Un Bayern más fino en las áreas
El partido se decantó por detalles. Bayern golpeó primero en el minuto 36, a balón parado. Tom Bischof colgó una falta desde la izquierda y Kim Min-jae se impuso en el aire para cabecear a la red. Poco que reprochar a Marco Bizot: el coreano entró con todo, Villa defendió blando y el 1-0 hizo justicia a la mayor claridad alemana cerca del área.
Villa, mientras tanto, se atascó en tres cuartos.

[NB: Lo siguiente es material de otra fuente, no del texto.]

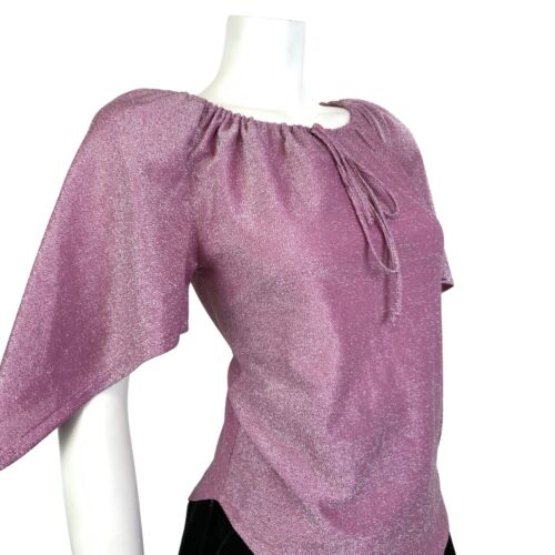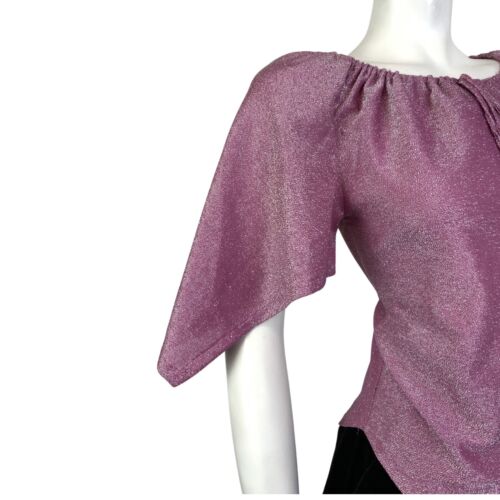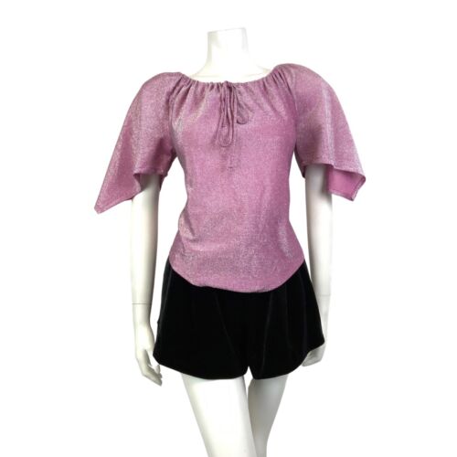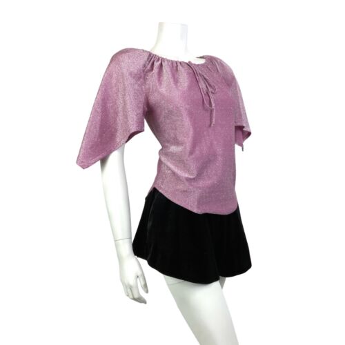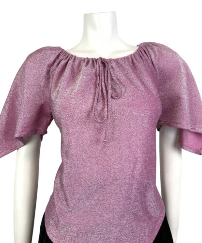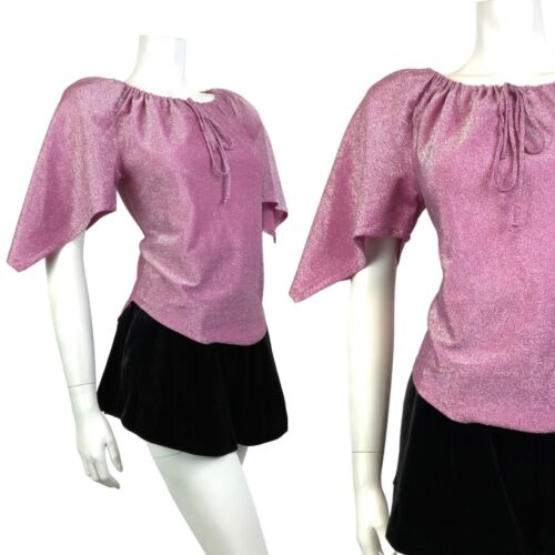 VINTAGE 60s 70s PINK SILVER LUREX HANDKERCHIEF SLEEVE DISCO PARTY TOP 10 12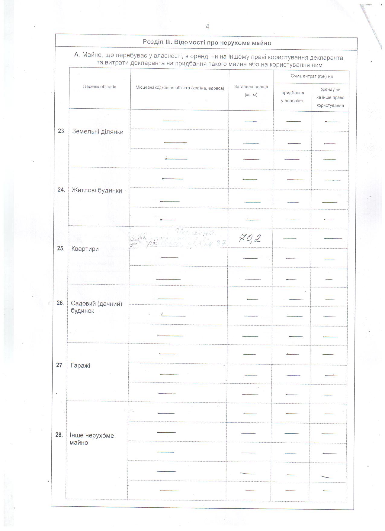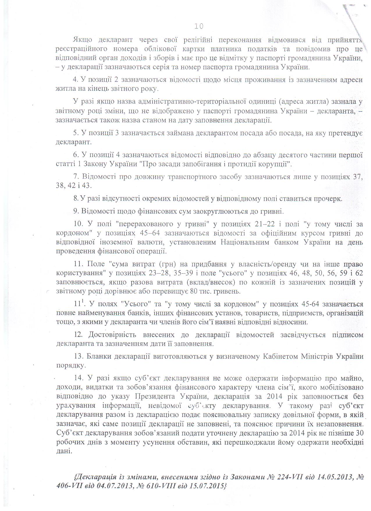 Декларацію про майно, доходи, витрати і зобов'язання фінансового характеру начальника відділу комплектування документами з особового складу та використання архівної інформації архівного управління Кам'янської міської ради за 2015 р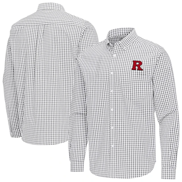 Men's Antigua Gray Rutgers Scarlet Knights Ellis Woven Tri-Blend Long Sleeve Button-Down Shirt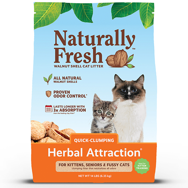 Naturally Fresh Quick-Clumping Herbal Attraction Litter is formulated with a blend of natural herbs that have shown to be effective in attracting cats to their litter boxes. It's ideal for kitten training, senior cats, or households with litter box acceptance problems. Naturally Fresh litters are made from the brous material found in walnut shells, which has the proven ability to organically absorb ammonia odors better than other leading litters. Because it's biodegradable and produces zero waste, it's as natural as it gets for your cat. Friendly for the environment, your cats, and you.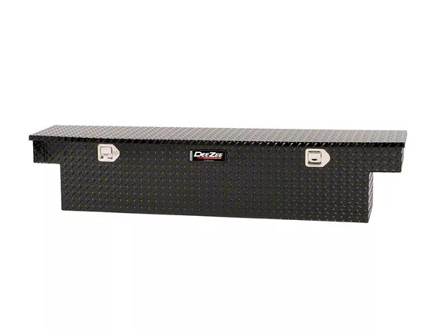 Storage Solution. This 63-inch Specialty Series Narrow Crossover Tool Box, with a volume of 5 cubic feet, is an ideal storage solution that can be transported securely in the bed of your truck. Dampened gas shocks ensure the reinforced crowned lid opens smoothly at a controlled rate, while the automotive-grade rubber bulb seal prevents moisture from penetrating the box and compromising the condition of your tools. The locking stainless steel paddle handles will keep your items safe and secure.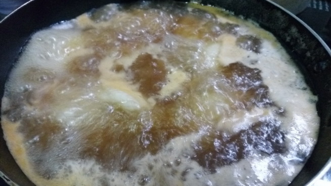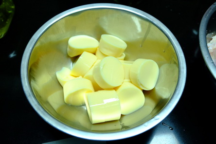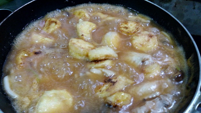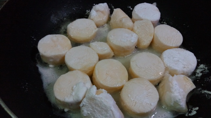 2. หั่นเต้าหู้ และนำไปชุบกับแป้ง และทอด มือเบาๆ นิดนึงนะครับ เดี๋ยวเต้าหู้แตกเสียทรงหมด ตรงไหนดำๆ ก็ตัดทิ้งนะครับ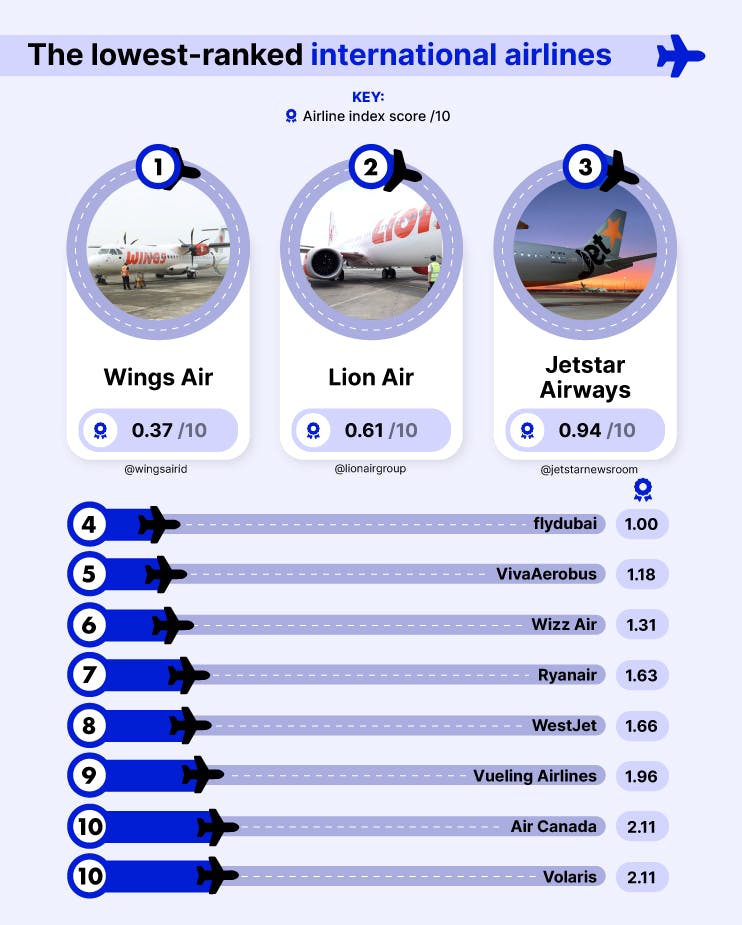 Wings Air has the lowest index score in 2023, at just 0.37 out of 10. The airline had the lowest on-time arrival rate at 47.69%, and the second-highest cancellation rate at 15.91%. This means that flying with Wing Air is risky if you’re on a tight schedule or have connections you need to make.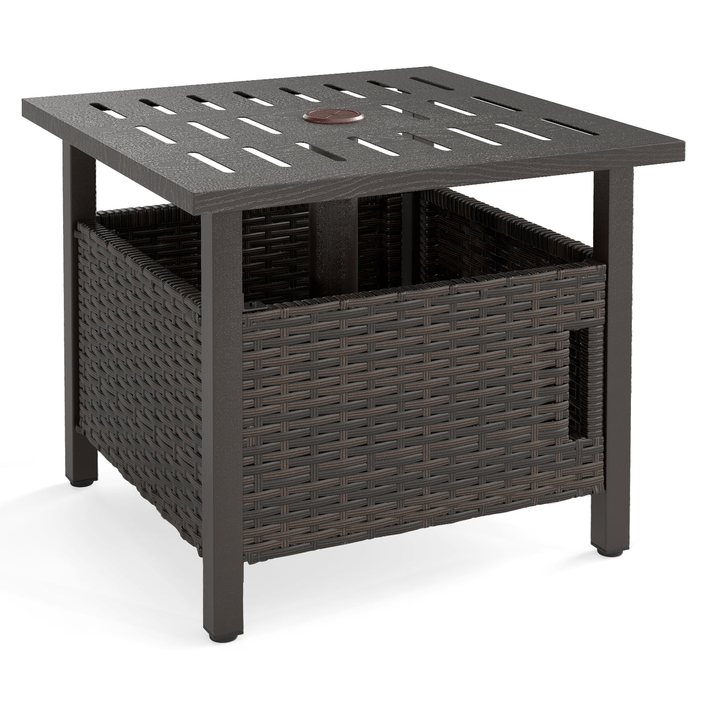 This sturdy patio side table is built with a rustproof zinc-iron alloy and galvanized iron frame, capable of supporting up to 120kg. It features a 4.9cm umbrella hole with an adjustable screw for your poles, ensuring shade and protection perfectly blend into your setup. For added stability, this outside umbrella table includes 2 weighted sand bags, each holding up to 5kg of sand, seamlessly stored via an accessible front door. The inner space also allows you to store items conveniently. Additionally, Adjustable foot pads maintain balance, making this the quintessential addition to your porch, garden, deck, or poolside. Note: The patio umbrella and sand are not included. All-Weather Durability: This patio side table is hand-woven with premium PE rattan, making it all-weather, sun-protective and fade-resistant. Whether it’s under the sun or in the occasional rain, it can withstand the elements without losing its charm. Umbrella Accommodation: Equipped with a 4.9cm built-in umbrella hole, this wicker side table seamlessly supports your sunshade (not included). It includes an adjustable fixing screw to securely fit your umbrella poles. 2 Weighted Sand Bags: This outdoor side table includes 2 weighted sand bags (each capable of holding up to 5kg of sand). Simply place these bags inside via the easy-access front door for increased stability. Plus, the inner space also facilitates convenient storage. Rustproof & Reliable Construction: This outside umbrella table is built from a robust blend of zinc-iron alloy and galvanized iron, offering rustproof durability and reliable support with a maximum load capacity of 120kg. Perfect Versatility: At 48cm in height, this outdoor coffee table fits your patio chairs or recliner perfectly. Plus, the adjustable foot pads ensure that it remain balanced on your garden, deck or poolside.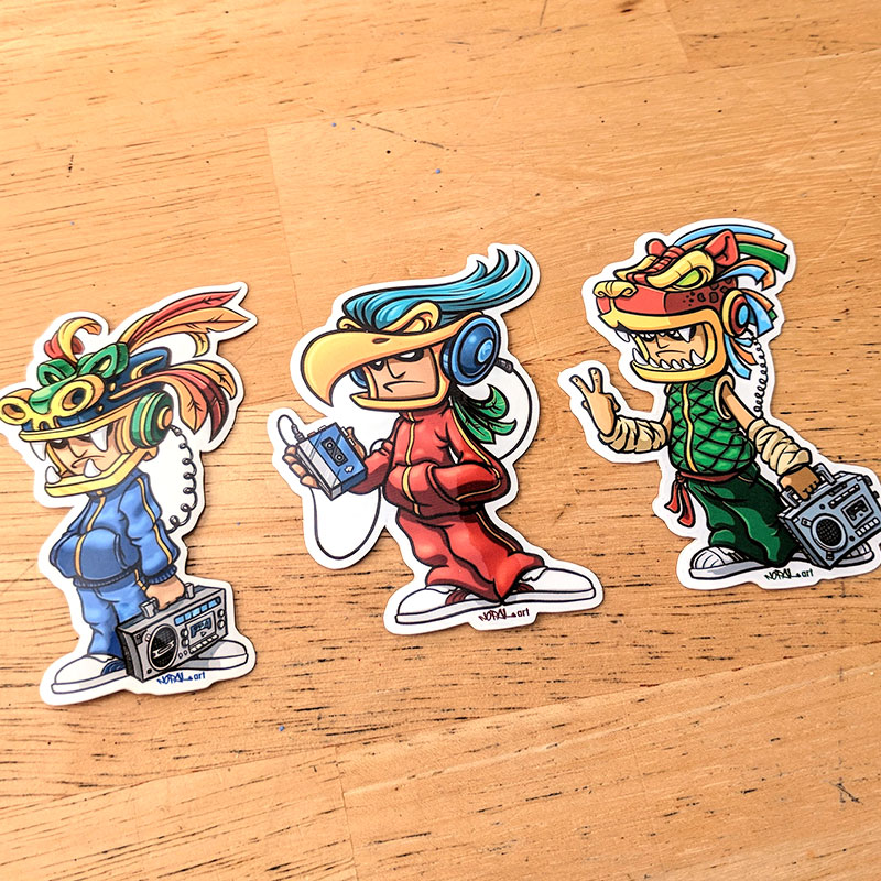 Rock your block with this epic set of THREE stickers featuring: - EAGLE WARRIOR BBOY - SERPENT WARRIOR BBOY - JAGUAR WARRIOR BBOY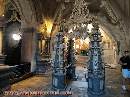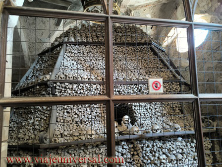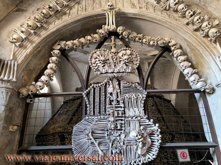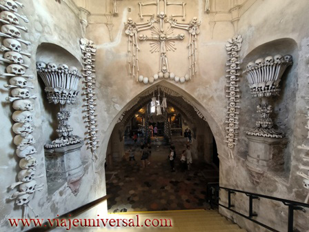 Osario de Sedlec Kutná Hora |  La primera parada es el barrio bajo donde se encuentra la iglesia de los muertos y la catedral. Sacamos un ticket para ver estos dos monumentos más la catedral del barrio alto.  Lo primero que visitamos es la capilla de los huesos Osario de Sedlec, es considerada la joya de Bohemia. El parking para visitarlo GPS N49.959100 E15.285988 .  A la entrada Osario de Sedlec GPS N49.9607969 E15.2897139, te indican la prohibición de fotografiar, todo lo que publicó son fotos robadas.  Hemos visitado multitud de capillas o iglesias con huesos, en Portugal son muy de huesos, pero nunca antes habíamos visto como las calaveras tratan de imitar elementos decorativos: candelabros, lámparas, escudos, tumbas de emperadores. Parecen elementos de mal gusto empleados de una forma muy especial.  Kostnice de Sedlec, conocida popularmente como la Capilla de los Huesos, es una de las creaciones más singulares de la República Checa y un ejemplo único de arte macabro europeo. Situada en Kutná Hora, a unos 80 kilómetros de Praga, forma parte del cementerio de la Iglesia de Todos los Santos, declarado Patrimonio de la Humanidad por la UNESCO. Su fama no solo se debe a la cantidad de huesos humanos que decoran sus paredes y techos, sino también al profundo simbolismo espiritual que encierra y a la maestría con la que fueron dispuestos para generar un efecto visual y simbólico impactante.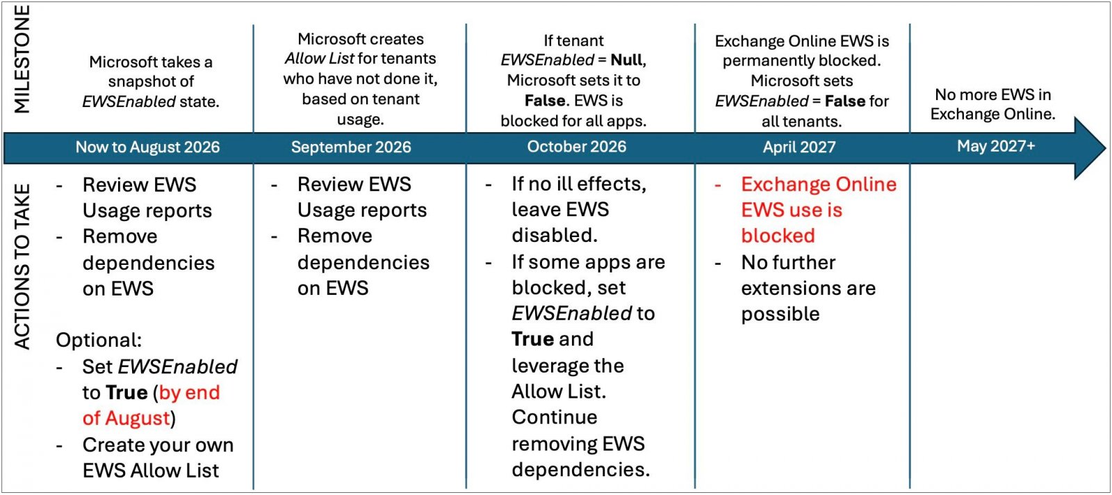 但關閉EWS將以階段性、可控制的措施進行。從即日起到2026年8月30日,企業可以自建EWS允許清單,從9月1日起企業就不能再自建,將由微軟根據租戶使用狀況建立允許清單,並移除相依性。從10月1日起,微軟就會嘗試關閉EWS,並視App是否正常運作。2027年4月1日起正式封鎖Exchange Online EWS的使用,不許再延長使用。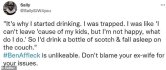 "Я начал пить отчасти потому, что оказался в ловушке. Я подумал: "Я не могу уйти из-за своих детей, но я не счастлив, что мне делать?" Я выпил бутылку виски и заснул на кушетке, что оказалось не решением", – откровенничал актер.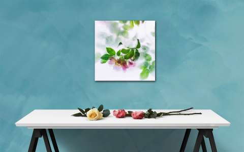 Die Fotografie "Im Eis-Rose" wird als hochwertiger Druck unter Acrylglas angeboten. Das Außenmaß dieses digitalen Fotodrucks beträgt 42 cm x 42 cm.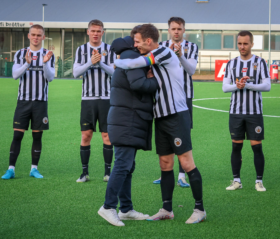 Theódór Elmar búinn að leika sinn síðasta leik. Stuðningsmenn KR klappa vel fyrir Emma.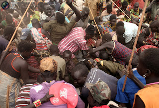 2 aprilie, Sudan: Băştinaşi din tribul Dadinga se luptă pentru mâncarea distribuită în zonă prin World Food Program.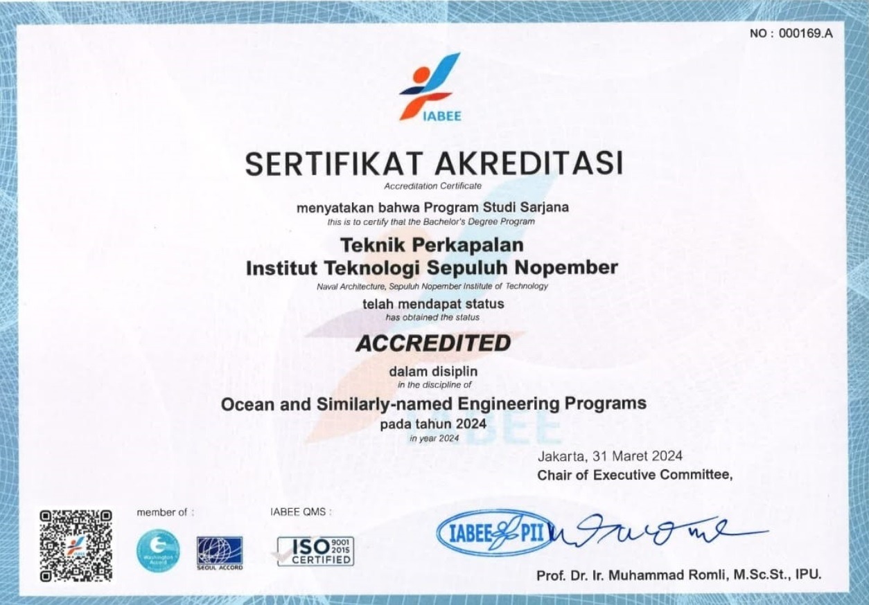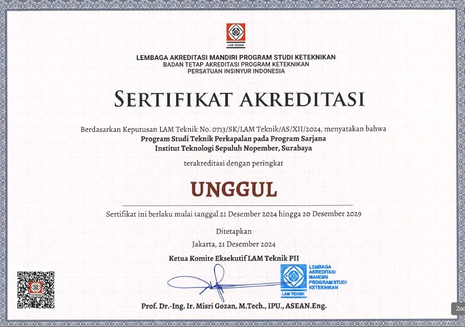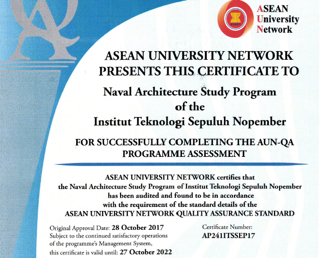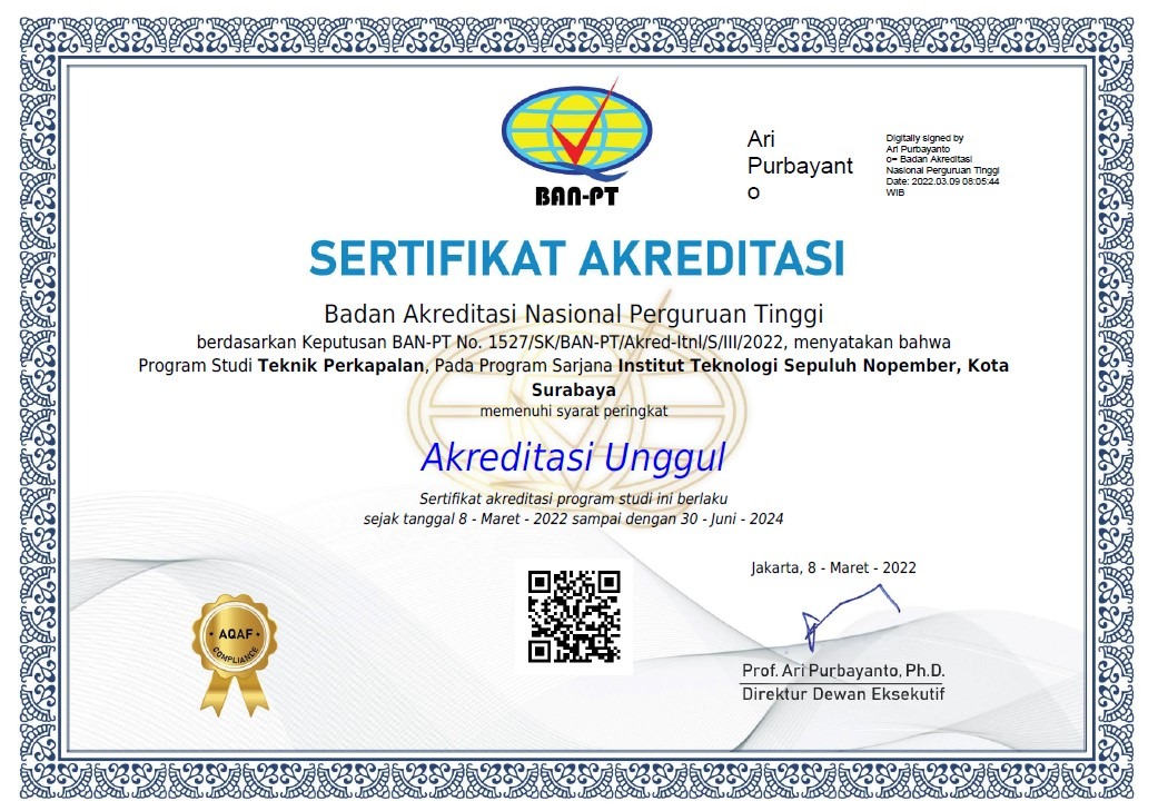 Program Studi Sarjana (S1) Reguler dan Double Degree Departemen Teknik Perkapalan memperoleh akreditasi tertinggi “A” dari BAN-PT serta mendapatkan sertifikasi dari badan internasional AUN-QA. Berikut adalah bukti sertifikat akreditasi dari kedua badan sertifikasi: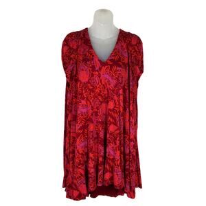 Free People HELLO LOVER Floral Ruched Long Sleeve Flowy Tunic Top Dress in Red M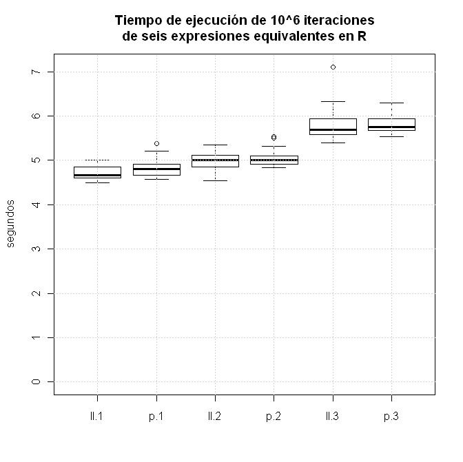 main = "Tiempo de ejecución de 10^6 iteraciones\nde seis expresiones equivalentes en R")La salida que obtengo en mi máquina es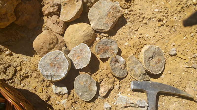 Barytknollen mit eingeschlossenen pflanzlichen Fossilien aus dem Tertiär in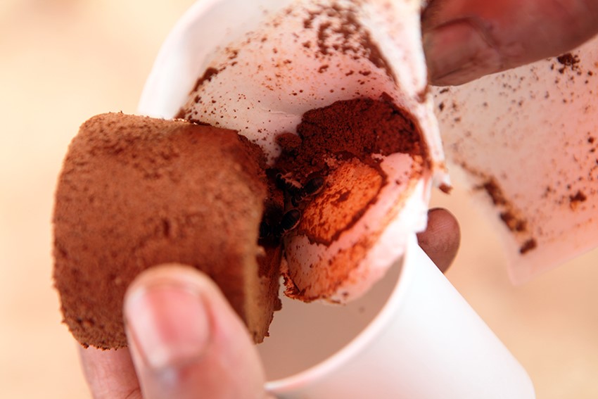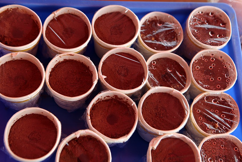 Photo shows termites in a clay-filled cup. (Photo/People's Daily)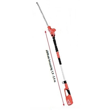 A HECHT 6504 akkumulátoros teleszkópos magassági sövényvágóval biztonságosan tudja rendben tartani akár a 3 méternél magasabb sövényeket is. Nincs többé veszélyes munka a létráról, kényelmesen, a földön állva tudja pontosan igazítani magasra nőtt élősövényét. Az 500 mm munkahosszúságú vágólappal akár 20 mm átmérőjű ágakat is át tud vágni. A gép teljes súlya 4,5kg, ami a használatának módját figyelembe véve nagyon kedvező. A teleszkópos nyelet 119 – 240 cm tartományban tudja beállítani a kívánt méretre, így egy átlagos magasságú személy is akár 3 méteres magasságig képes vele dolgozni. A meghajtott vágólap természetesen állítható, a sövények tetejének vágásakor akár 90° szögig is meg lehet dönteni. Ugyanakkor 30° szögbe is lehet állítani, így az alacsony dísznövényeknél hajlongás nélkül tud dolgozni.

Circulación correcta, algún destello de Pau Torres rompiendo líneas, mucho esfuerzo de Brian Madjo para pelear con Jonathan Tah, pero muy poca amenaza real sobre la portería de Manuel Neuer. El césped irregular del Kai Tak tampoco ayudó a los más técnicos, y el plan de Emery se quedó a medias.
La gran ocasión para cambiar el guion llegó antes de la hora de juego. Falta lateral, Emi Buendía al golpeo, envío perfecto al segundo palo y Evann Guessand solo, sin marca. Era balón para cabecear, para atacar con decisión. Eligió volear. Y falló. No conectó limpio y dejó vivo a Bayern. En pretemporada se perdonan esas decisiones; en competición, no.
El castigo llegó después. En el 73’, Luis Díaz, que ya había castigado a Matty Cash por banda, recibió dentro del área y fusiló al techo de la portería, con ayuda del larguero. Golazo, 2-0 y sensación de amistoso resuelto.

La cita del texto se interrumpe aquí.